● **Assignment**: Copy out the entire listing below exactly, but without its pictures.

● **Supplied information**:
- Opening Delimiter -

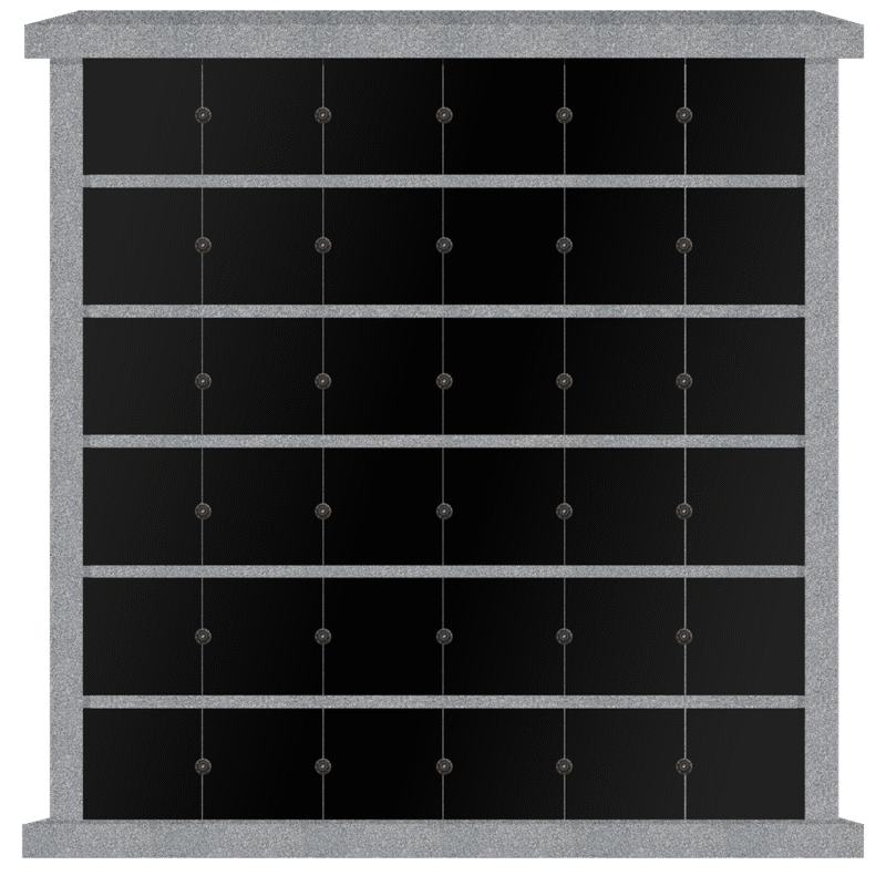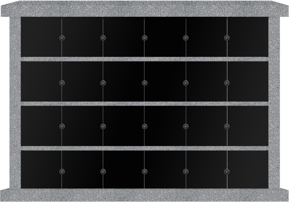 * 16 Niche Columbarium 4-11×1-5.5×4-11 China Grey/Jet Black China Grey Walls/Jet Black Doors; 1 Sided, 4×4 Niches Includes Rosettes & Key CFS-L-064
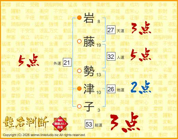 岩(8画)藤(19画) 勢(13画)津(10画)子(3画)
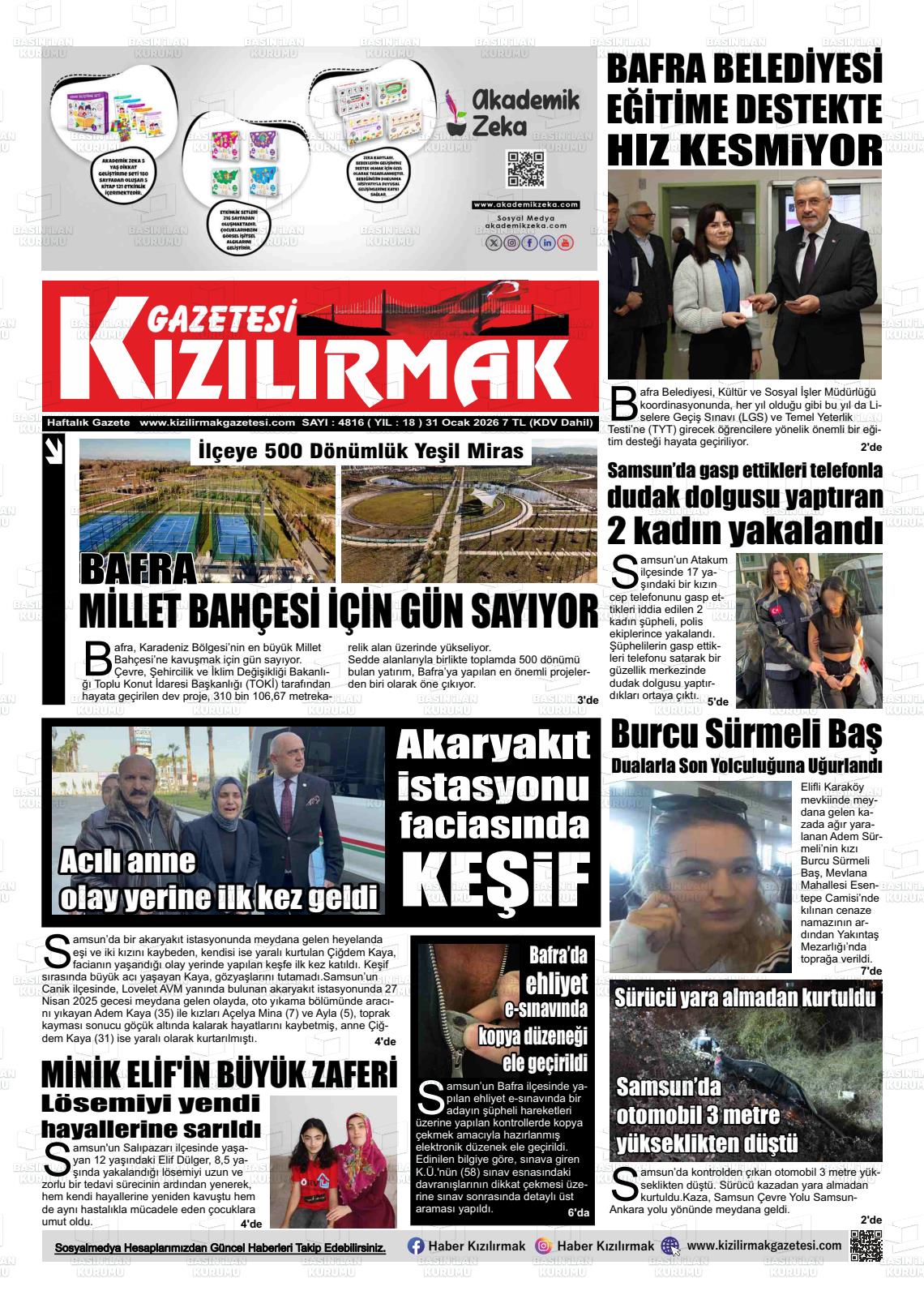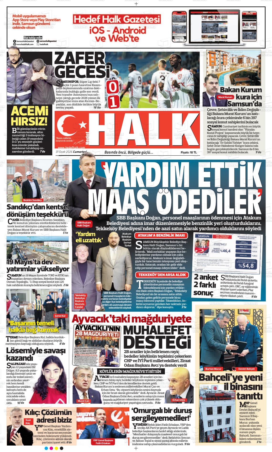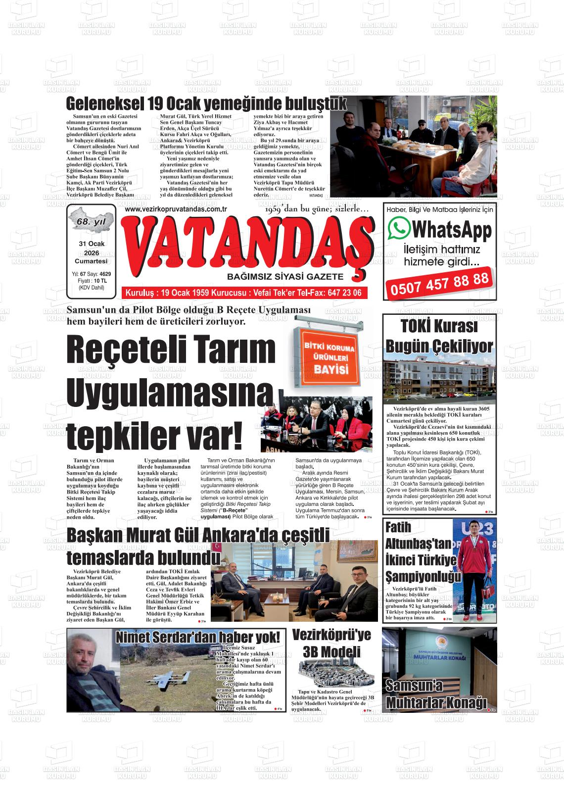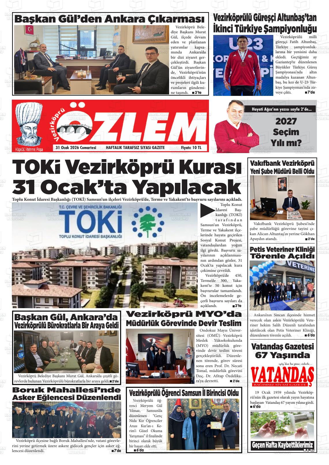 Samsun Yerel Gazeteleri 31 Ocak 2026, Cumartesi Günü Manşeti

- Closing Delimiter -

● **Your response**:
 * 16 Niche Columbarium 4-11×1-5.5×4-11 China Grey/Jet Black China Grey Walls/Jet Black Doors; 1 Sided, 4×4 Niches Includes Rosettes & Key CFS-L-064
 岩(8画)藤(19画) 勢(13画)津(10画)子(3画)
 Samsun Yerel Gazeteleri 31 Ocak 2026, Cumartesi Günü Manşeti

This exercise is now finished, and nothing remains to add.